Mitsotakis made savage cuts in pensions and in spending on schools and hospitals, but the government debt goes on rising. At 1.3 times the country’s GNP, it is more than double the limit demanded by the EC.
New Democracy did succeed in cutting workers’ pay. Wages have failed to match inflation for the past three years.
But Mitsotakis never succeeded in making a decisive breakthrough against union organisation.
The past three and a half years have seen a series of huge strike waves, most notably in autumn 1990 and the summer and autumn of 1992. Strikes and demonstrations have become routine.
The gains Mitsotakis has made have come in concessions from union leaders afraid to bring down his government. Even the relatively quiet summer days immediately before Mitsotakis fell saw Athens blacked out by a power workers’ strike and a 24 hour public sector strike. The unions are stronger and more militant now than four years ago.
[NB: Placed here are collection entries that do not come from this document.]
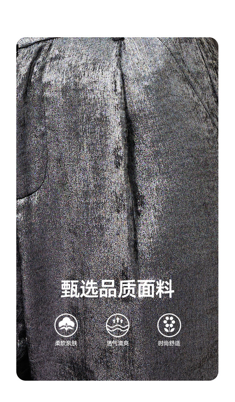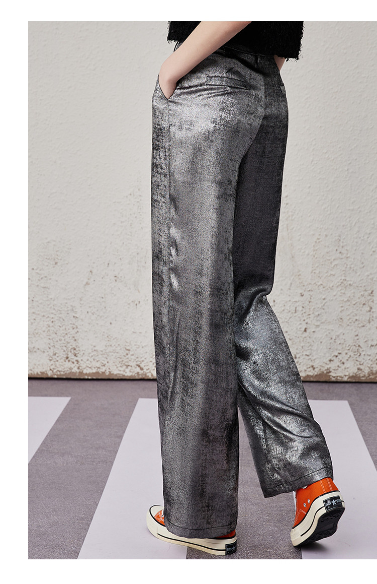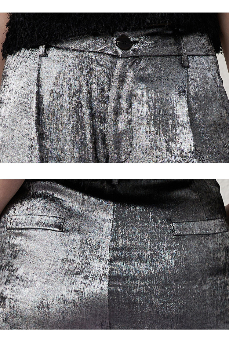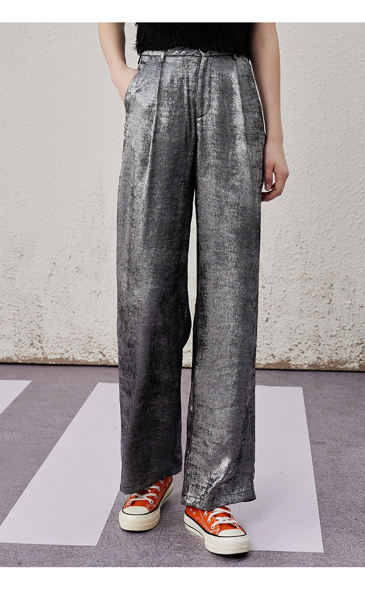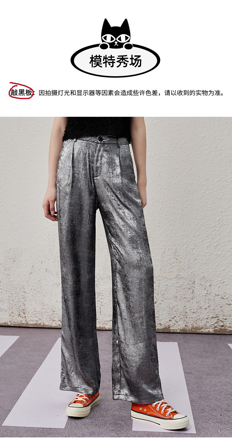 商品名称:个性街头风小众涂层设计感高腰直筒裤夏季闪亮女式休闲裤 699549
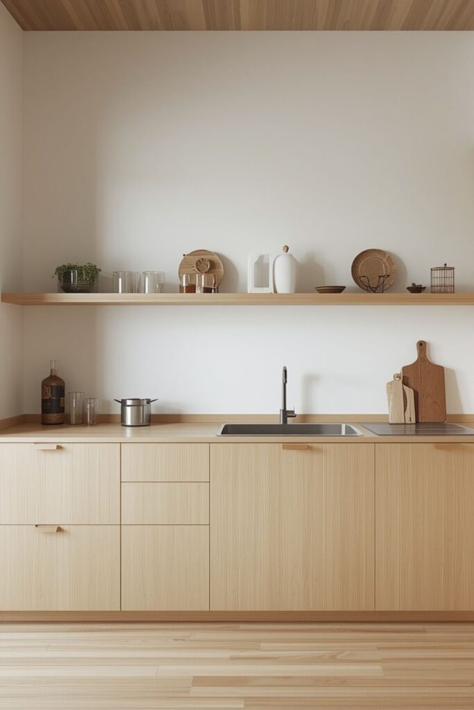 Floating shelves are common in minimal Japanese kitchen layout solutions because they reduce bulk and add gentle structure. Open shelves allow the eye to travel naturally across the wall while still providing storage. They are especially helpful in small kitchens where heavy upper cabinets would feel overwhelming.
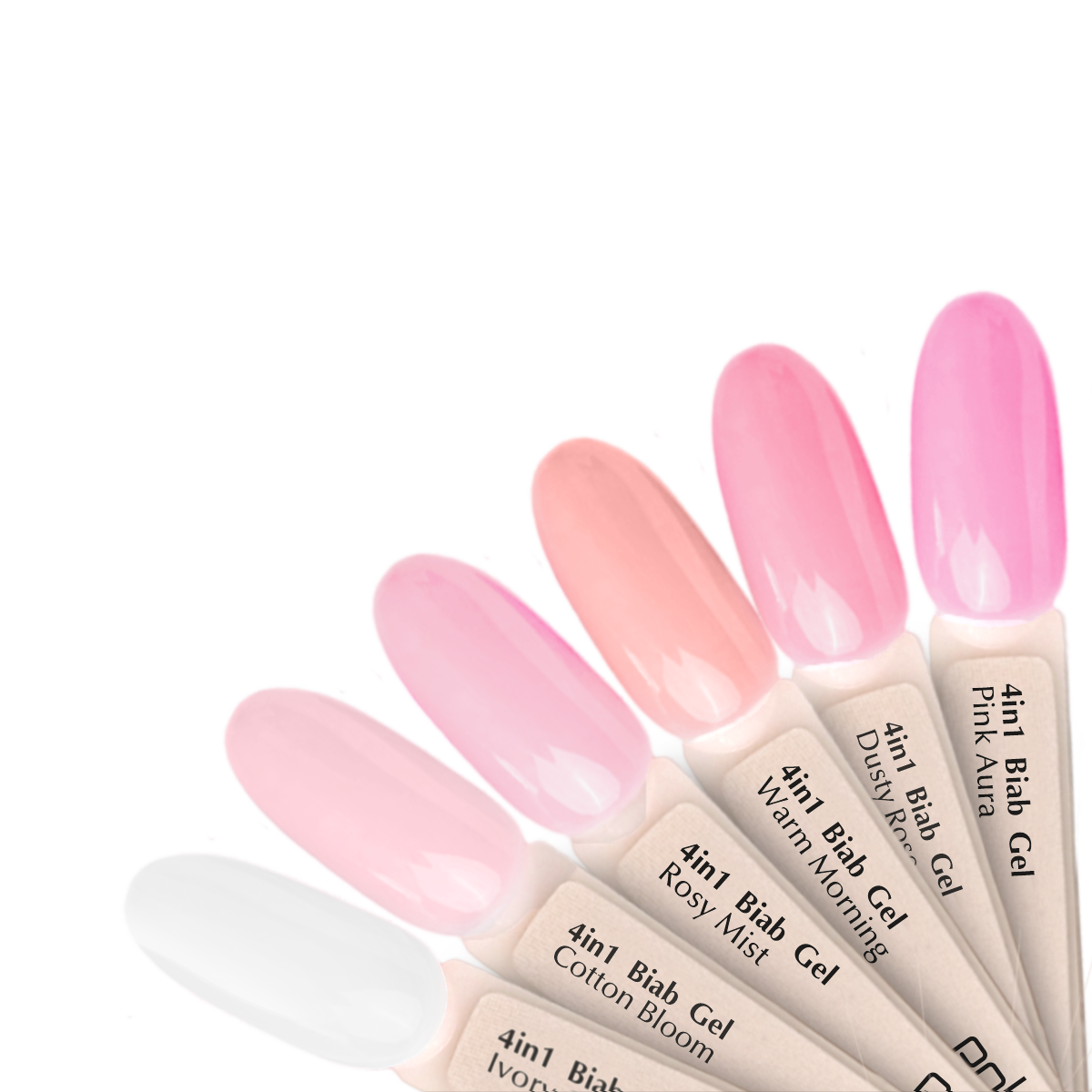 2* 4 in 1 BIAB Gel PNB galima naudoti ir su įprastomis gelio sistemomis (iš buteliuko), jei naudojamas primeris ir elastinga bazė kaip pagrindas.
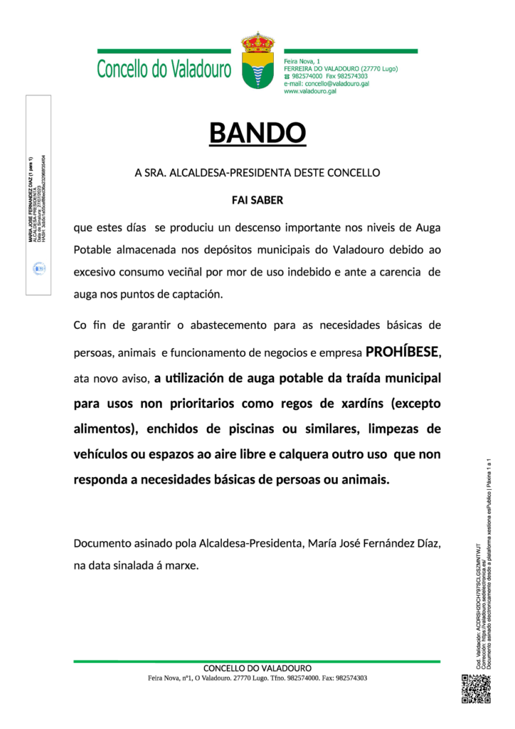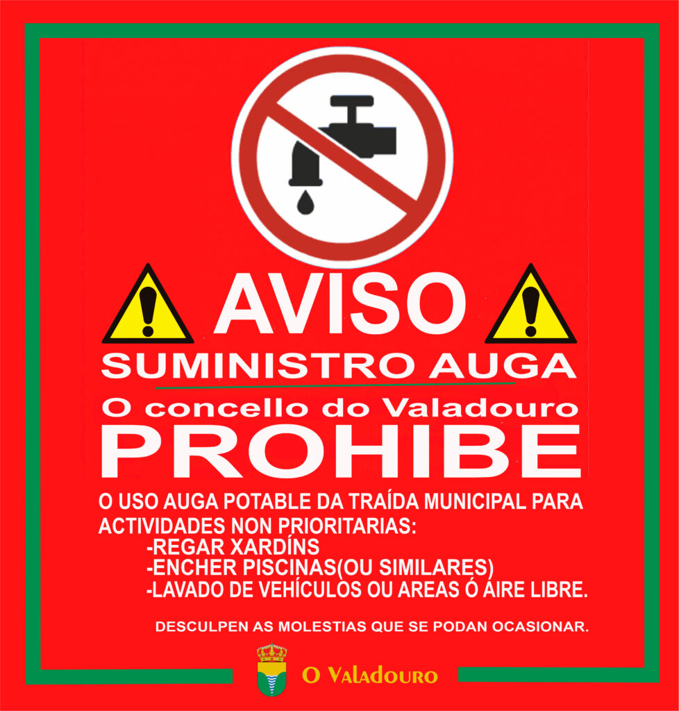 Co fin de garantir o abastecemento para as necesidades básicas de persoas, animais e funcionamento de negocios e empresa PROHÍBESE, ata novo aviso, a utilización de auga potable da traída municipal para usos non prioritarios como regos de xardíns (excepto alimentos), enchidos de piscinas ou similares, limpezas de vehículos ou espazos ao aire libre e calquera outro uso que non responda a necesidades básicas de persoas ou animais.
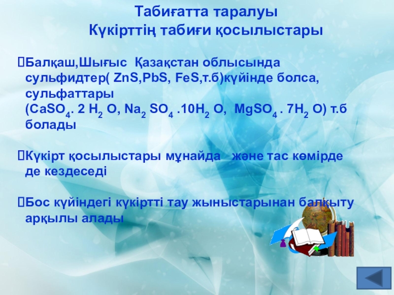 Табиғатта таралуыКүкірттің табиғи қосылыстарыБалқаш,Шығыс Қазақстан облысында сульфидтер( ZnS,PbS, FeS,т.б)күйінде болса,сульфаттары(СаSO4. 2 H2 O, Na2 SO4 .10H2 O,
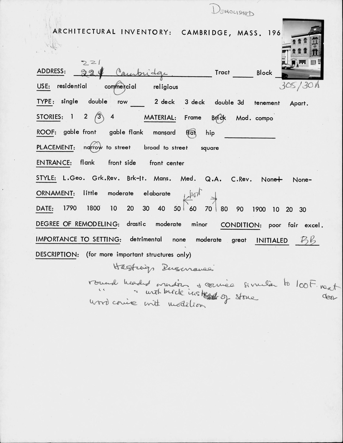 221 Cambridge St - Architectural Inventory Form
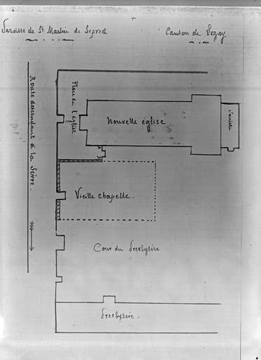 Plan schématique de la nouvelle église et de la vieille chapelle vers 1905 par Léopold Bonnet, curé.
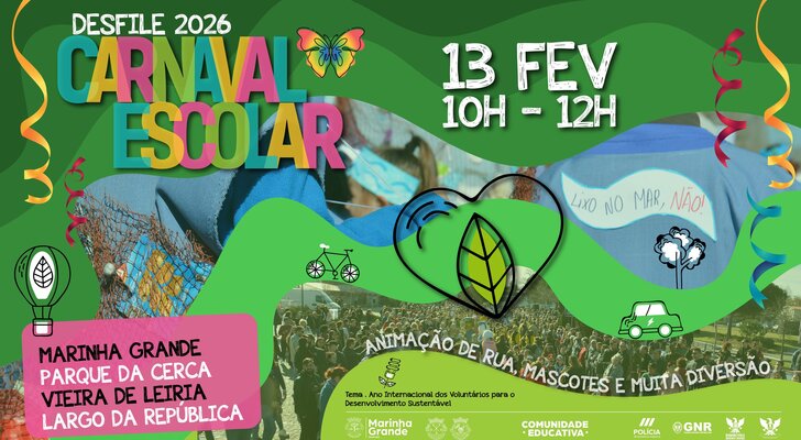 No próximo dia 13 de fevereiro de 2026, entre as 10h00 e as 12h00, realizam‑se os tradicionais Desfiles de Carnaval das Escolas, promovidos pela Câmara Municipal da Marinha Grande, que irão animar as ruas do concelho com cor, criatividade e folia.
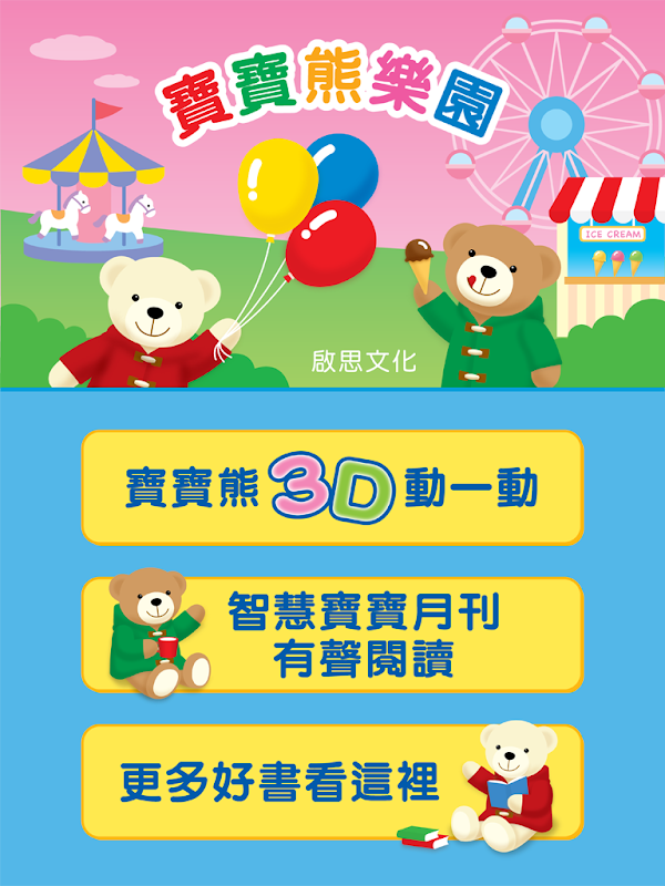 這是一個可以聽故事、玩拼圖、著色和寶寶熊玩3D互動及分享的幼兒益智多功能互動APP。
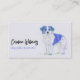 A business card with a modern blue tones drawing of a cute dog. Perfect for a dog walker service or pet sitter.
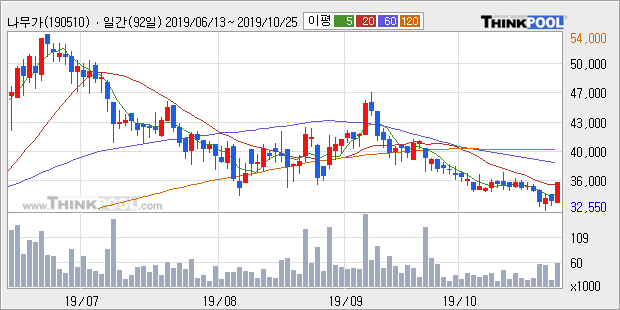 나무가의 2018년 매출액은 전년대비 21.5% 늘어난 3128억원이고, 영업이익은 흑자전환해서 19억원을 기록했다. 이 회사의 매출액 증감률과 영업이익 증감률은 각각 코스닥 상위 22%, 상위 16%에 해당된다.
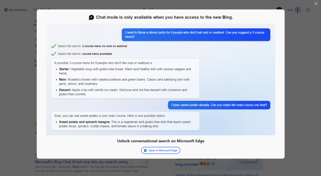 As spotted by Windows Central, a new pop-up on Windows 11 detects when you are using the Google Chrome browser and will appear with a message about Bing AI.
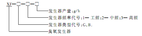 臭氧发生器的型号由汉语拼音字母、英文字母和阿拉伯数字按规则排列组成。
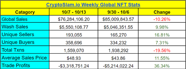 The NFT market was a mixed bag last week, and while sales volume was down, there certainly seems to be more people participating. Buyers hit a 25-week high, and sellers an 18-week high. Average sale prices are creeping back up thanks to big NFT sales, and trade profits have had their second-best week since the beginning
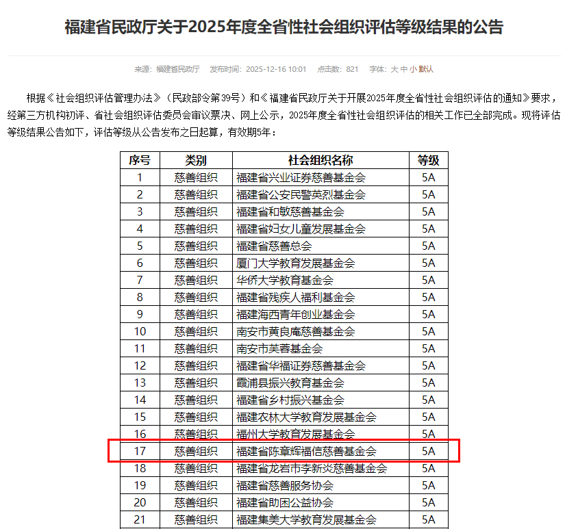12月16日,福建省民政厅公告2025年度全省性社会组织评估等级结果,福建省陈章辉福信慈善基金会再次荣膺最高“5A级社会组织”。这不仅是基金会长期努力的成果,更是对其在内部治理、项目执行、财务透明及社会成效等各方面规范运作、专业高效的权威肯定。

Workers anticipate a real change after the election. Athens busworkers, for example, believe they will get their jobs back. A year after being sacked, they staged a pre-election rally in the capital and planned a mass meeting on the night of the vote. There were even calls for them to mark a PASOK victory by marching on the scab bus depots.
There is a similar mood among shipyard workers who have seen their yards close, and among the former workers of shutdown state factories. The expectations in a PASOK government are huge, and a victorious Papandreou could be in for a rough ride.